Dataset items:
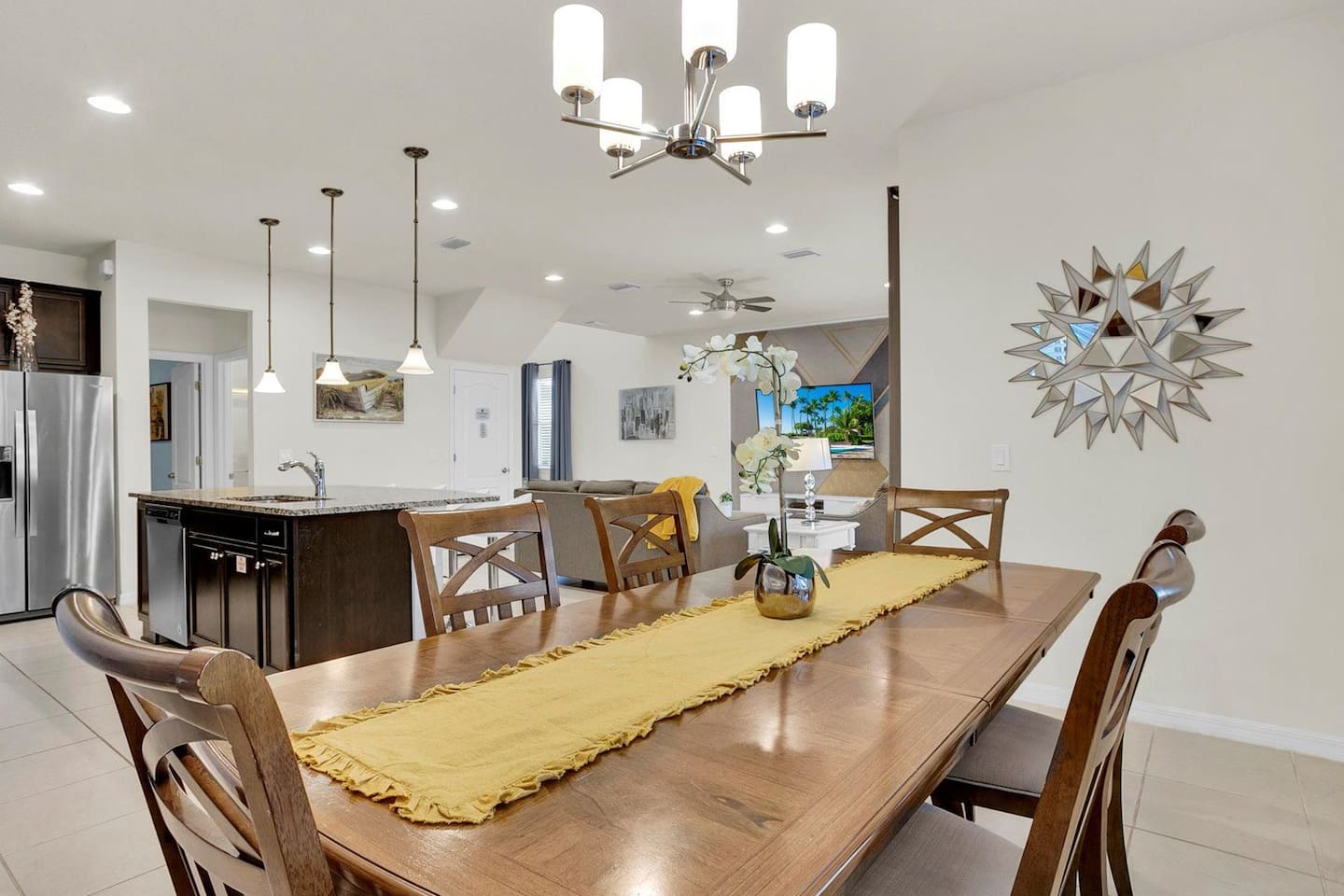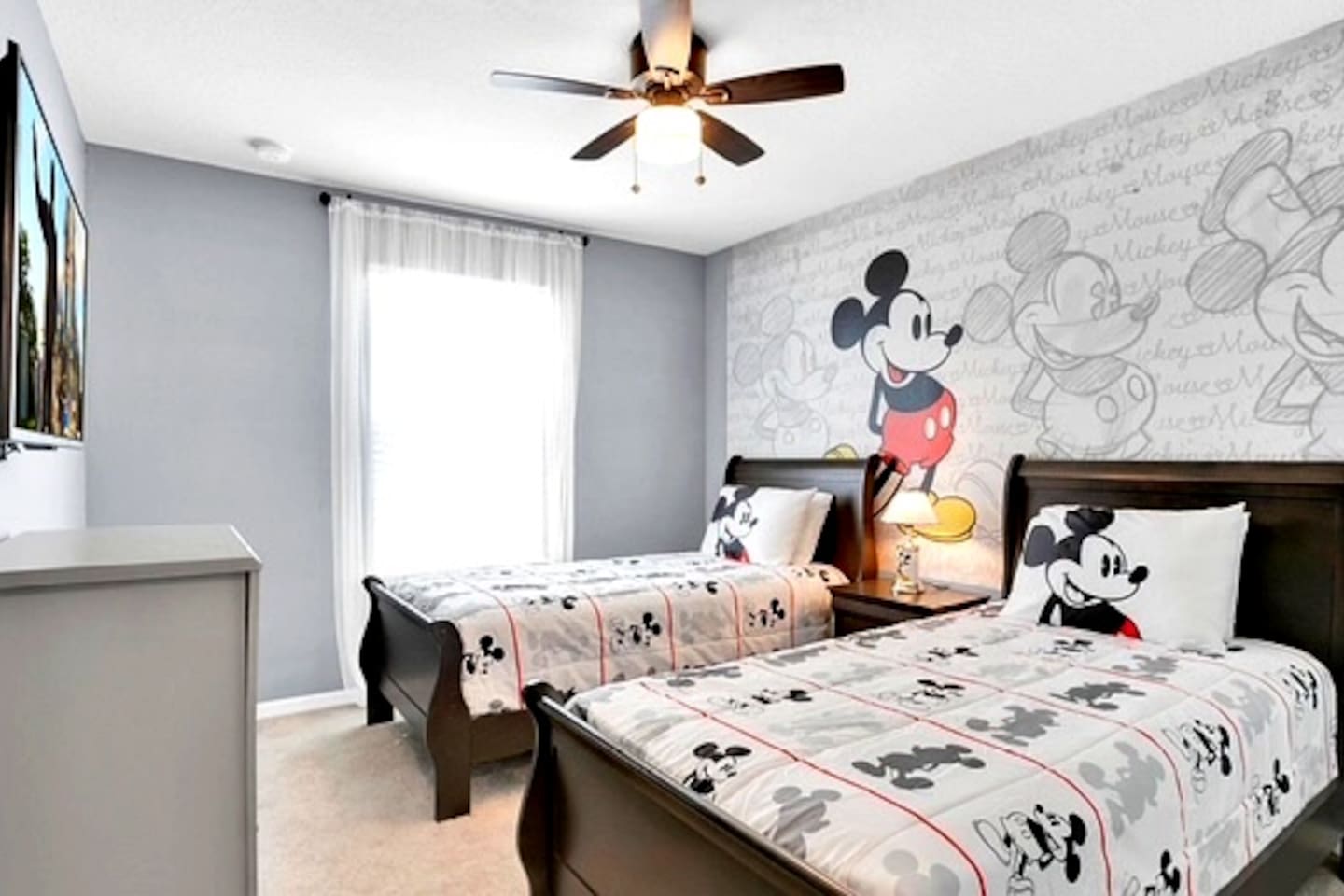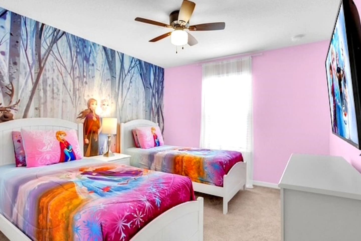 🏊♀️ Private screened pool + spa (heat available for a fee) with outdoor dining, loungers & Roku TV 🔌 Free EV Charger for your convenience ⚡ 🛏️ 5 spacious bedrooms, each with its own Smart TV, including themed rooms: ⭐ Star Wars, 💛 Minions, 🐭 Mickey & ❄️ Frozen 🎬 Open-concept living w/ 70" Smart TV for cozy movie nights 🍳 Fully equipped kitchen w/ seating for 10 indoors + lanai dining 🌴 Resort access: huge pool, splash park, gym, arcade & more 📶 Free WiFi, 🧺 washer/dryer, linens & towels provided
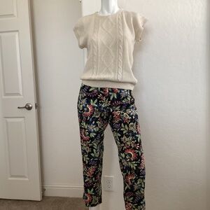 Appleseed’s 8p have 3% spandex, which allows for significant stretch. They are a colorful floral with vines on a black background. They are perfect for spring and summer. The multicolored flowers and vines make these pants versatile. They have a front button at the waist and a zipper closure. They also have two front pockets and are a straight leg. For those who aren’t petite, these can still be worn as cropped pants. I’ve included extra photos to inspire outfit ideas. All items are in my closet. These are gently used with no tears or irregularities.
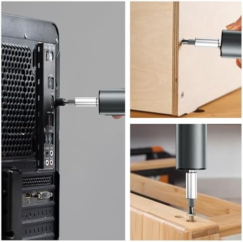 - Versatile: Designed for screw installation/removal,Electronics Repair(e.g.,, PC assembly, phone screws cameras, laptops, watches, and small appliances) ,and doubles as an electric drill . Includes 1 drill bit (3mm diameter × 45mm length) for wood, walls, rubber, or plastic (up to 1cm depth). Pro Tip: For deeper holes, pull the bit back intermittently to prevent jamming.Ideal for daily drilling tasks! “Note: Not suitable for hard materials like metal plates or concrete.to avoid damage or injury”
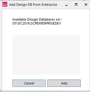 The following dialogue will be displayed, populated with Design Databases that you have been given permission to access. Select the one you're interestyed in and press 'Add'.
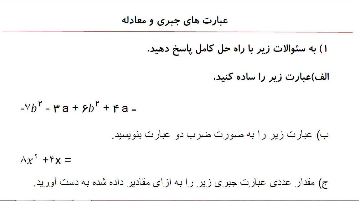 عبارت های جبری و معادله
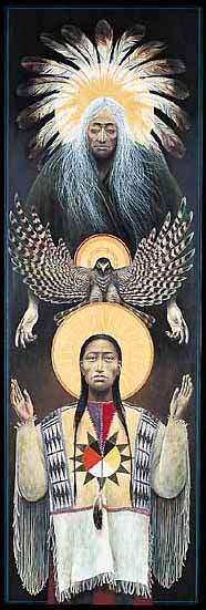 الثالوث المُقدس كما تصوره الهنود الحُمر....ربما كان فى أحد أساطيرهم...أو وسيلة لتقريب مفهوم التثليث لدى المُستعبدين من الهنود الحمر من قَبل مُستعمرى أمريكا الأوائل من الإنجليين....الذين كانوا يعتبرون مُهمتهم فى أمريكا مُهمة مُقدسة....و كانوا يُسمون أنفسهم بالحُجاج......و كأنهم فى رحلة للأرض المُقدسة......و من ضمن مُهمتهم المُقدسة تنصير ما تبقى من هنود أمريكا، ممن نجى من المذابح التى إرتكبها هؤلاء الحُجاج!!!!

*WHAT TO WORK ON:* Leaving the pictures out, set down all of the data again exactly.

*SOLUTION FOR THIS TASK:*
 🏊♀️ Private screened pool + spa (heat available for a fee) with outdoor dining, loungers & Roku TV 🔌 Free EV Charger for your convenience ⚡ 🛏️ 5 spacious bedrooms, each with its own Smart TV, including themed rooms: ⭐ Star Wars, 💛 Minions, 🐭 Mickey & ❄️ Frozen 🎬 Open-concept living w/ 70" Smart TV for cozy movie nights 🍳 Fully equipped kitchen w/ seating for 10 indoors + lanai dining 🌴 Resort access: huge pool, splash park, gym, arcade & more 📶 Free WiFi, 🧺 washer/dryer, linens & towels provided
 Appleseed’s 8p have 3% spandex, which allows for significant stretch. They are a colorful floral with vines on a black background. They are perfect for spring and summer. The multicolored flowers and vines make these pants versatile. They have a front button at the waist and a zipper closure. They also have two front pockets and are a straight leg. For those who aren’t petite, these can still be worn as cropped pants. I’ve included extra photos to inspire outfit ideas. All items are in my closet. These are gently used with no tears or irregularities.
 - Versatile: Designed for screw installation/removal,Electronics Repair(e.g.,, PC assembly, phone screws cameras, laptops, watches, and small appliances) ,and doubles as an electric drill . Includes 1 drill bit (3mm diameter × 45mm length) for wood, walls, rubber, or plastic (up to 1cm depth). Pro Tip: For deeper holes, pull the bit back intermittently to prevent jamming.Ideal for daily drilling tasks! “Note: Not suitable for hard materials like metal plates or concrete.to avoid damage or injury”
 The following dialogue will be displayed, populated with Design Databases that you have been given permission to access. Select the one you're interestyed in and press 'Add'.
 عبارت های جبری و معادله
 الثالوث المُقدس كما تصوره الهنود الحُمر....ربما كان فى أحد أساطيرهم...أو وسيلة لتقريب مفهوم التثليث لدى المُستعبدين من الهنود الحمر من قَبل مُستعمرى أمريكا الأوائل من الإنجليين....الذين كانوا يعتبرون مُهمتهم فى أمريكا مُهمة مُقدسة....و كانوا يُسمون أنفسهم بالحُجاج......و كأنهم فى رحلة للأرض المُقدسة......و من ضمن مُهمتهم المُقدسة تنصير ما تبقى من هنود أمريكا، ممن نجى من المذابح التى إرتكبها هؤلاء الحُجاج!!!!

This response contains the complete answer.